I made Magnolia white cake and then carved it down. If you use this type of pan, take note. The base needs to bake longer than the top. Put the batter in the base first and cook for 15 minutes, followed by the batter in the top half. You will save yourself the trouble of prying the top out when the bottom has yet to set. (This happened to us.)


I made whipped buttercream (cooked icing) because that's my mom's favorite, and colored it blue and purple. Mark filled in the gaps between the pieces. If you see him, tell him not to kill me for featuring a photo with him in it.


We (mostly Mark) cut fondant strips and attached pastel circle sprinkles to them, and then strategically placed them around the base so as to look like a cupcake we saw featured in a Wilton book. That one looked better but I guarantee ours trumped it in taste.


Pipe on a birthday message......


And add some sprinkles... (and the holes for candles)

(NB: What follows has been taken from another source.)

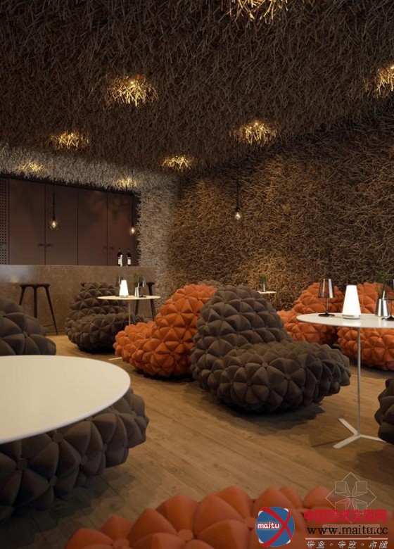 这是位于乌克兰的一家名为Twister的餐厅,内部计划方面很有特色,坐位给人的感触感染特别舒服,并且很有创意。全部座椅点亮了全部空间。

Tra la! We proceeded to scarf most of the top part in 5 seconds. The base didn't last another 24 hours, I gather.

super grover, away!

These cupcakes were actually made almost seven months ago, but they deserve a shout-out. Erin requested "something chocolate related to Richard Simmons, the Office, or Grover" for her birthday, as I recall.

I chose Grover. I made a few of those and then spelled Happy Birthday Erin! This was my very first time ever using fondant (for the faces only).



There were many. And they disappeared quite quickly.


See that cape in the bottom corner? The Super Grover cape carved by hand from fondant? It also disappeared. The question that has yet to be answered in seven months is who in the world would take a giant piece of fondant to eat? Particularly from a co-worker's box of birthday confections?


Grover doesn't know either.

Friday, June 26, 2009

foodie lit roundup

I've read quite a few foodie books since stumbling into the section adjacent to the cookbooks in B0rders. It's not specifically labeled "foodie lit," but doing a quick title scan made me discover a completely new genre that melded my two loves - food and literature. I keep a separate shelf in my GoodReads profile of books for foodies (as well as a baking shelf), so check here if you need recommendations.

Recently I have powered through a few, and I will share some thoughts. I do not believe in long book reviews. When I read a book review, I want to see some distilled thoughts and impressions, not a long and rambling plot summary. Thus, I will not be giving away the heart of these books. Just enough to whet your appetite (or cause you to activate your gag reflex, in some cases). Please keep in mind that I am an ignoramus when it comes to photos in blogger.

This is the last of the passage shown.